We are a couple of months away from 2021 and we are still in awe of data science. The ecosystem for all activities in and around data science is more than a decade in the making in one form or another, outside the powerhouses like Google, Microsoft, and Amazon.

Yet, sadly, the adoption and application of data science enabled features in the mainstream delivery pipeline is peripheral at best. The anecdotal use of data science serves well at conferences, blog posts, and thought-provoking intellectual gossip.

Data Science moved from labs straight into the wild, and it’s time we domesticate it and make it useful as a general tool as opposed to a niche.

Current State

Adoption of a new platform, technology, fashion, tool, or the like, needs a conducive environment to flourish. The data science and AI universe is no exception to this. Some of the key components for mass adoption (besides supply and demand) are:

  1. Talent Pool

  2. Ease of Use

  3. Accessibility

Talent Pool

As we all know (and if you don’t, wakeup and welcome to the 21st Century), data is the new oil and as the Harvard Business Review, 2012, said, the “Data Scientist” is the sexiest job of the 21st century.

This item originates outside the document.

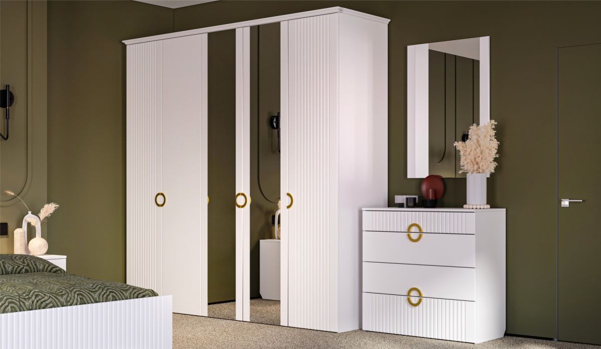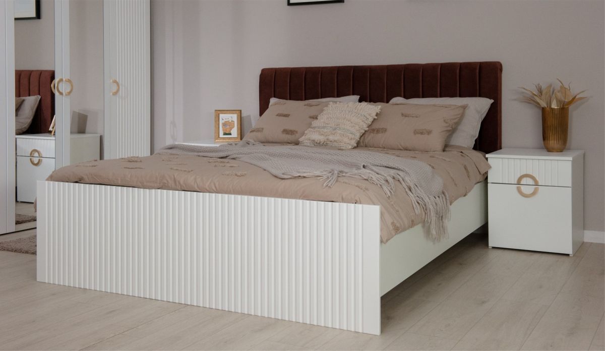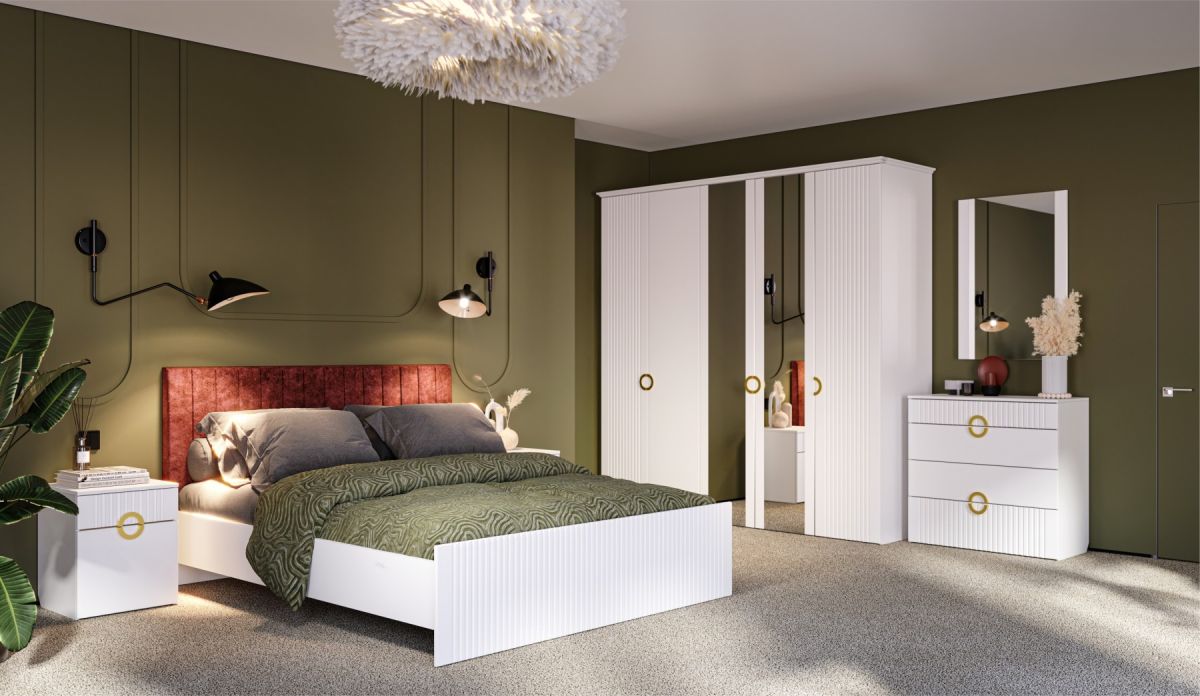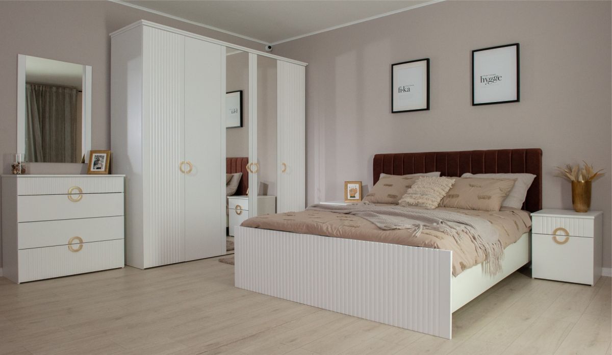 Трендовая новинка спальня Миа с матовым лакокрасочным покрытием и вертикальной фрезеровкой выглядит благородно, делает интерьер спокойным и изысканным. Дизайнерские ручки из металла золотого цвета добавляют шарма, подчеркивают индивидуальность. Элегантная кровать со стеганым изголовьем с выраженным объемным рельефом не только яркий декоративный акцент, но и комфортное место для здорового сна или отдыха с книгой.

For over a decade, a thriving industry has developed around building the manpower needed to adopt data science. To name a few: Self-Help courses, old-style physical textbooks, free code repositories, boot camps, Masters & Bachelors degree program, hundreds of articles, blog posts, free tutorials, etc.

Ease of Use

Data science algorithms have matured and have become easy to use. You no longer have to write the logic from scratch, and fairly high-level API’s are available to use, as long as you have an understanding of what tools to use.

Packages like Scikit-learn have become a de-facto standard for data science and machine learning.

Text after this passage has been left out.